AMIGA alive

AMIGA alive

Wednesday, December 13, 2017

Building the TerribleFire TF530 accelerator board, part 5: Testing. More testing. And... happiness.

I'm learning new things about the TF530 almost daily...

Documentation is a problem when trying to build these accelerators: there's no place where you can quickly look up how to do something. Instead you have to dig through Stephen Leary's hour-long videos on YouTube, or a single endless thread on English Amiga Board, or ask in forums. Which is not a bad thing, but it's very inconvenient if you want to make progress. That's why I created some sort of "user manual" for the TerribleFire boards:

Anyway, what's happened since part 4 of this series?
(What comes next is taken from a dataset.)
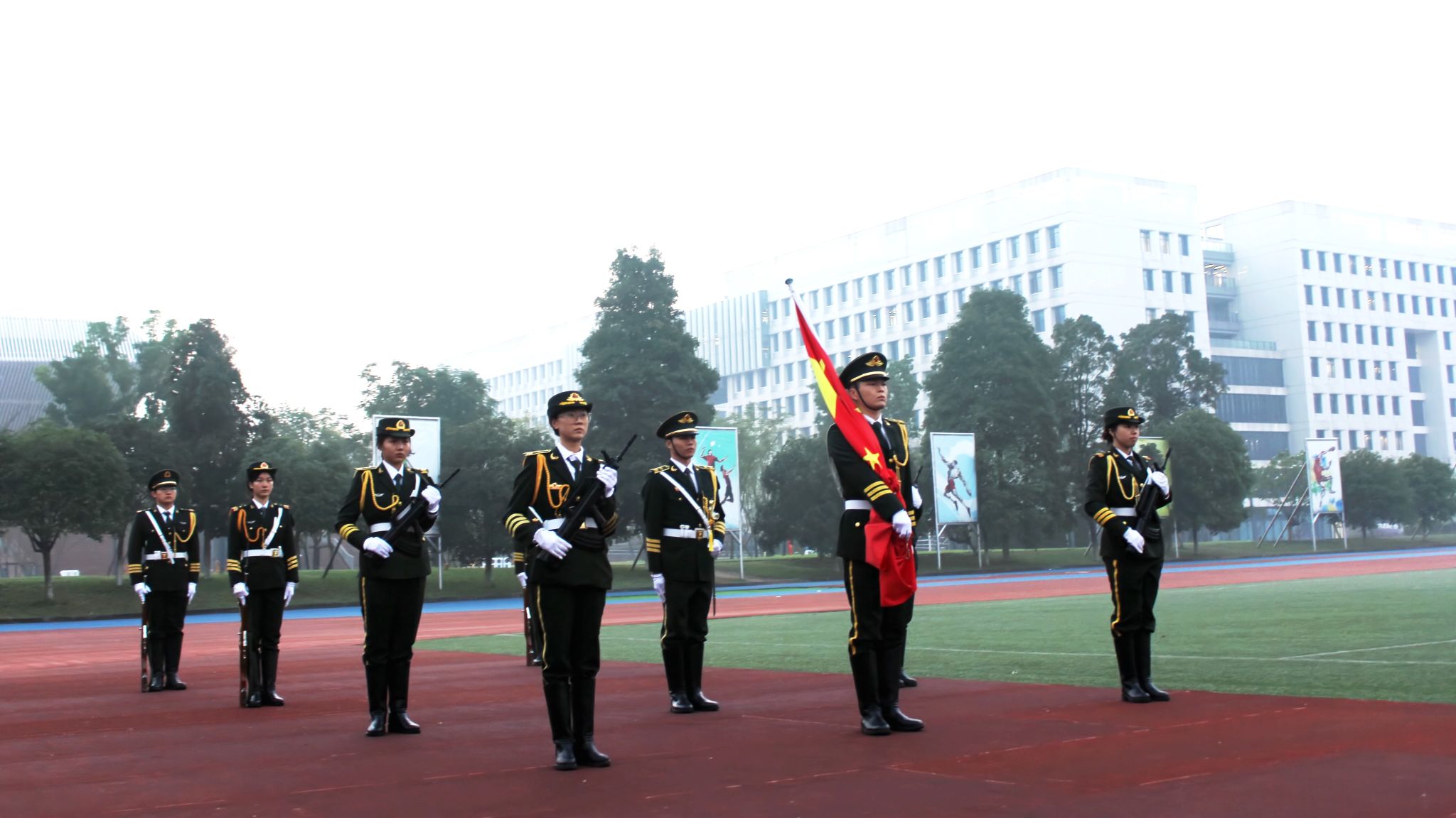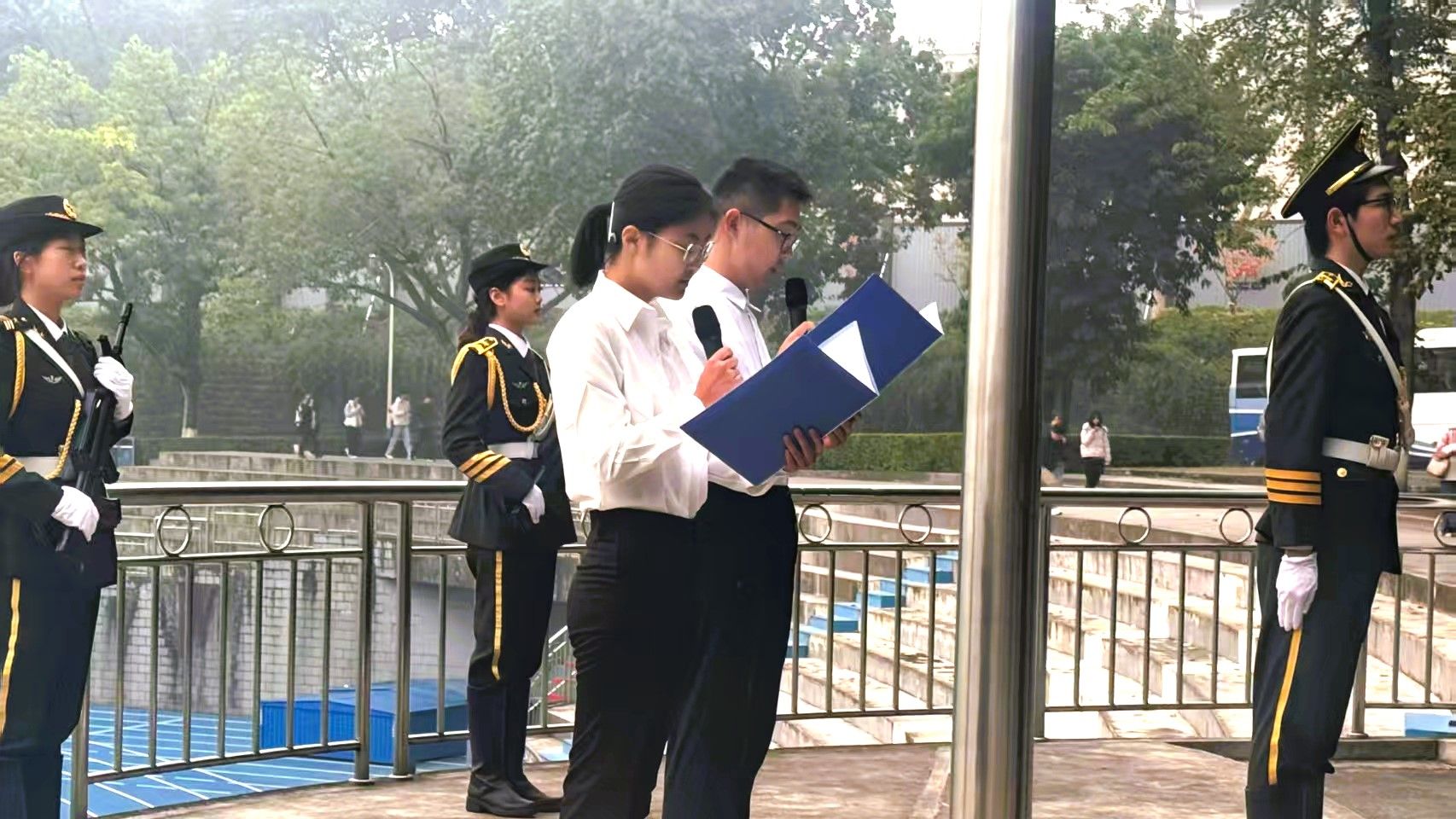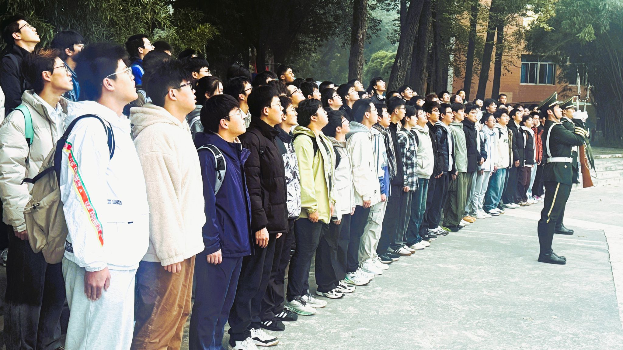 12月1日早上7点30分,重庆大学升国旗仪式在沙坪坝校区和科学城校区同步举行。升国旗仪式结束后,组织了“国旗下朗诵”“与国旗合影”等活动。本科生院组织学生在A校园参加仪式,物理学院、材料学院、化工学院组织学生在虎溪校园参加仪式。
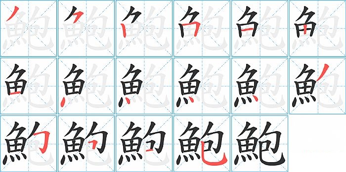 鮑是左右结构,鮑的部首是“魚”,部外笔画5画,总笔画16画,鮑的笔画顺序是“撇、横撇/横钩、竖、横折、横、竖、横、点、点、点、点、撇、横折钩、横折、横、竖弯钩”。看看“鮑”字什么意思 >>

Full setup with CF-adaptor and -card
Things were actually looking pretty good. I've been using a 24Mhz oscillator to build the board, and the original firmware (from a "rev. 2 final" GitHub checkout). But I wanted to rev up the board a little... Other people are using clockrates of 36, 40, or 50 Mhz. And then there are a couple of new revisions of the firmware. And in one or the other way these have to match. I've tried a 40MHz oscillator, and two other (apart from the original) versions of the firmware. Then there's the IDE controller. Simply plugging in an IDE cable - without any device attached! - changes the A500's behaviour in combination with the 40MHz oscillator. Exchanging the 1.3 Kickstart ROM for a 3.1 one made a difference once again. Lots of testing, and lots of glitches, and more testing, and more glitches: mousepointer uncontrollable, random crashes, boot picture gone, ...

It seems that the 33Mhz 68030 doesn't like overclocking very much - but with a 32MHz oscillator (33Mhz oscillators seem to be rare), it now runs stable! I expect a few more issues - like checking RAM soldering points - but for now I declare it "working fine". It boots quickly from the 512MB CompactFlash card attached, and with the additional 2MB of RAM on the TF530 and the new 3.1 Kickstart ROM the A500 is now an up-to-date, very usable Amiga!

Yesss! I am __very__ happy with it. :-)

SysInfo speed test with the 32MHz oscillator installed
Nice to have: an LED on the CF-card-adaptor

An "in progress" conclusion

From a personal perspective, I can say that I've learned a lot. I mean: A LOT. Stephen Leary's videos give a huge amount of information, and by building the accelerator I've expanded my set of tools, improved my soldering skills, and gained some knowledge about the parts used. Overall, for me it's a huge step forward in understanding the inner workings of Amiga computers, the TF530, and electronics in general.

And of course the Amiga 500 got a huge update, it's a completely different machine now. For a very reasonable (money-wise) price.

So the whole process is a massive success for me. :-)

No outside signs of the changes on the inside... :-)

Still, there are a few things to keep in mind about the TF530 accelerator and the build process: First of all it takes an insane amount of time to build, if you don't know what you're doing beforehand. I certainly didn't. There was a lot of research involved, on all levels. Secondly, the TF530 is clearly not an industrial-grade product: it's an "in progress" project, a moving target. You have several options when it comes to CPU and oscillator, and these have some interdependence with the firmware releases, which are still going on. The physical layout of the TF530 isn't perfect, you (may) need a relocator board to fit it into your Amiga, you (may) need to use specific connectors, and still it fits only barely between the Amigas other components and casing. For example, adding a Kickstart-switch may turn out to be quite difficult now with the TF530 in place.

But all these quirks don't change a simple fact:

It's effin' great! 

Thank you, Mr. Stephen Leary!

Thank you very, very much for sharing,
and lighting up the fire - the TerribleFire!

So far, so good. I currently consider this to be the last entry in my little series about building the TerribleFire 530 accelerator board. But who knows. And there's so much more to do... maybe a TF328?